What's the fix? At the consumer level, I don't know. I use SSDs as a boot disk in my server (where the workload is super light, I'd be surprised if it gets to 100KB/s more often than a few seconds per day), and in laptops and small desktops (all MacOS in my household), where performance is irrelevant. Another member of our household uses NVMe SSDs in their ... Windows gaming computer, and they work great, as long as you install all the required heatsinks. For a consumer storage server, I don't know what to do. In big computer industry, the answer include: (a) build your own SSDs: just buy flash chips from Micron, Toshiba or Samsung, and do all the rest yourself. (b) Buy raw SSDs, but then write all the firmware yourself. (c) Work with the SSD vendor to carefully tune the FTL to the workload.
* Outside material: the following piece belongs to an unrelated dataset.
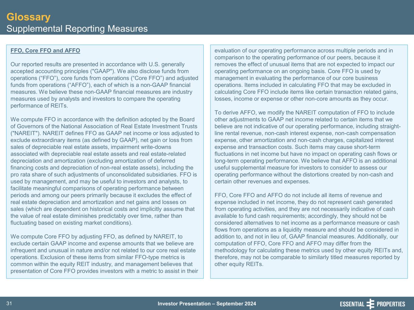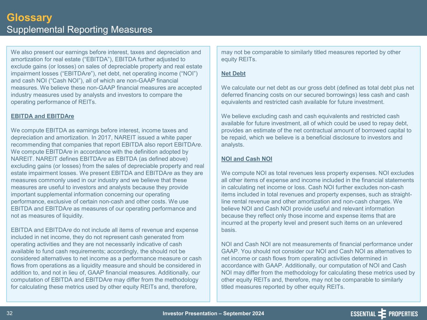 Investor Presentation – September 202431 Glossary Supplemental Reporting Measures FFO, Core FFO and AFFO Our reported results are presented in accordance with U.S. generally accepted accounting principles ("GAAP"). We also disclose funds from operations (“FFO”), core funds from operations (“Core FFO”) and adjusted funds from operations (“AFFO”), each of which is a non-GAAP financial measures. We believe these non-GAAP financial measures are industry measures used by analysts and investors to compare the operating performance of REITs. We compute FFO in accordance with the definition adopted by the Board of Governors of the National Association of Real Estate Investment Trusts ("NAREIT"). NAREIT defines FFO as GAAP net income or loss adjusted to exclude extraordinary items (as defined by GAAP), net gain or loss from sales of depreciable real estate assets, impairment write-downs associated with depreciable real estate assets and real estate-related depreciation and amortization (excluding amortization of deferred financing costs and depreciation of non-real estate assets), including the pro rata share of such adjustments of unconsolidated subsidiaries. FFO is used by management, and may be useful to investors and analysts, to facilitate meaningful comparisons of operating performance between periods and among our peers primarily because it excludes the effect of real estate depreciation and amortization and net gains and losses on sales (which are dependent on historical costs and implicitly assume that the value of real estate diminishes predictably over time, rather than fluctuating based on existing market conditions). We compute Core FFO by adjusting FFO, as defined by NAREIT, to exclude certain GAAP income and expense amounts that we believe are infrequent and unusual in nature and/or not related to our core real estate operations. Exclusion of these items from similar FFO-type metrics is common within the equity REIT industry, and management believes that presentation of Core FFO provides investors with a metric to assist in their evaluation of our operating performance across multiple periods and in comparison to the operating performance of our peers, because it removes the effect of unusual items that are not expected to impact our operating performance on an ongoing basis. Core FFO is used by management in evaluating the performance of our core business operations. Items included in calculating FFO that may be excluded in calculating Core FFO include items like certain transaction related gains, losses, income or expense or other non-core amounts as they occur. To derive AFFO, we modify the NAREIT computation of FFO to include other adjustments to GAAP net income related to certain items that we believe are not indicative of our operating performance, including straight- line rental revenue, non-cash interest expense, non-cash compensation expense, other amortization and non-cash charges, capitalized interest expense and transaction costs. Such items may cause short-term fluctuations in net income but have no impact on operating cash flows or long-term operating performance. We believe that AFFO is an additional useful supplemental measure for investors to consider to assess our operating performance without the distortions created by non-cash and certain other revenues and expenses. FFO, Core FFO and AFFO do not include all items of revenue and expense included in net income, they do not represent cash generated from operating activities, and they are not necessarily indicative of cash available to fund cash requirements; accordingly, they should not be considered alternatives to net income as a performance measure or cash flows from operations as a liquidity measure and should be considered in addition to, and not in lieu of, GAAP financial measures. Additionally, our computation of FFO, Core FFO and AFFO may differ from the methodology for calculating these metrics used by other equity REITs and, therefore, may not be comparable to similarly titled measures reported by other equity REITs.

None of this is viable for small systems.

Complicated world... only paying in abundance... you get guarantees....

Cath O'Deray · Apr 10, 2022

Parallel discussion: <https://lists.freebsd.org/archives/freebsd-hackers/2022-April/000950.html> | <https://freebsd.markmail.org/thread/yh2pxlzwhbvmqe3z>

vermaden · Apr 10, 2022

You can also limit TRIM operations to '1' instead of the default '64'.

Put vfs.zfs.vdev.trim_max_active=1 into the /etc/sysctl.conf file and set it as usual with sysctl(8) command.